Routinely collected healthcare records were obtained from the Clinical Practice Research Datalink. These included linked primary care and hospital (inpatient, outpatient and A&E) records and death and deprivation data. The data were used to identify young people (12-23 years)with life-limiting conditions, diabetes and no long term conditions. Methods were developed to estimate point of transition from paediatric to adult care by classifying treatment specialties recorded in inpatient and outpatient care as paediatric or adult. These were compared and a favoured method selected. Emergency hospital care use was then compared, pre- and post-transition to adult care for the three groups.

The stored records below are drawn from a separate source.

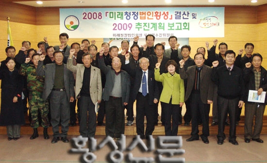 올 한해는 실천과 확산 단계를 넘어선, 우리군의 생존전략이며 비젼인 ‘미래청정법인 횡성' 출범 3년차로 정착의 해를 맞아 실천분위기를 더욱 확산시키고, 민간주도의 ‘미래청정법인 횡성' 실천분위기를 정착시켜 나가는데 면민들의 많은 관심과 참여가 있었으면 한다.
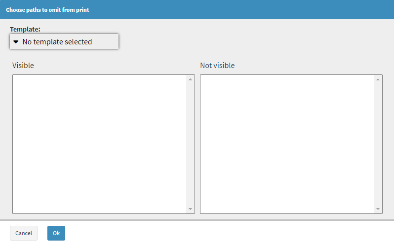 - The selected field will be added to the Not Visible section of the Choose Paths to Omit From Print screen.
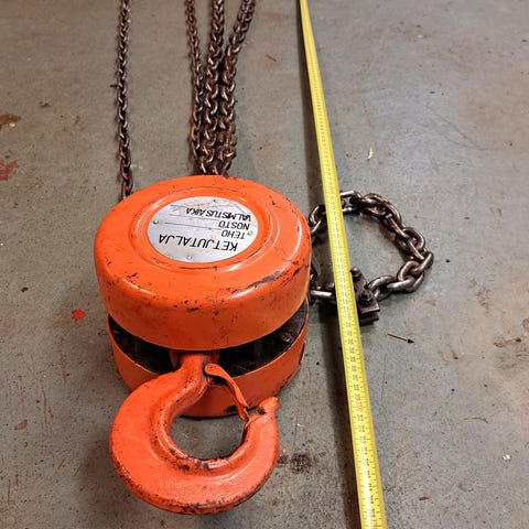 Ylimääräinen hadef ketjunostin 1000kg koukulla, toimivuudesta ei tietoa tullut purettuna meille, mutta on toimintakuntoisen näköinen

The last inpatient or outpatient record classified as paediatric care was chosen as the transition point. Simulation showed that this had the potential for far greater sensitivity to changes at transition (~20% difference in detected effect size) than using a simple age cut-off. Application of the method to the data showed significant increases in emergency inpatient admissions (by 29%, 95% confidence interval 14-46%) and A&E visits (by 24%, 95% confidence interval 12-38%) post- compared to pre-transition in the life-limiting conditions group, but no increases for the diabetes or no long term conditions groups, suggesting that transition has little effect for these groups.
Linked, routinely collected healthcare records, combined with estimating transition point from the data, provide a more sensitive method for detecting changes at transition with reduced risk of misclassification bias. There is an increase in emergency care after transition, with negative effects on young people, families and cost implications for providers.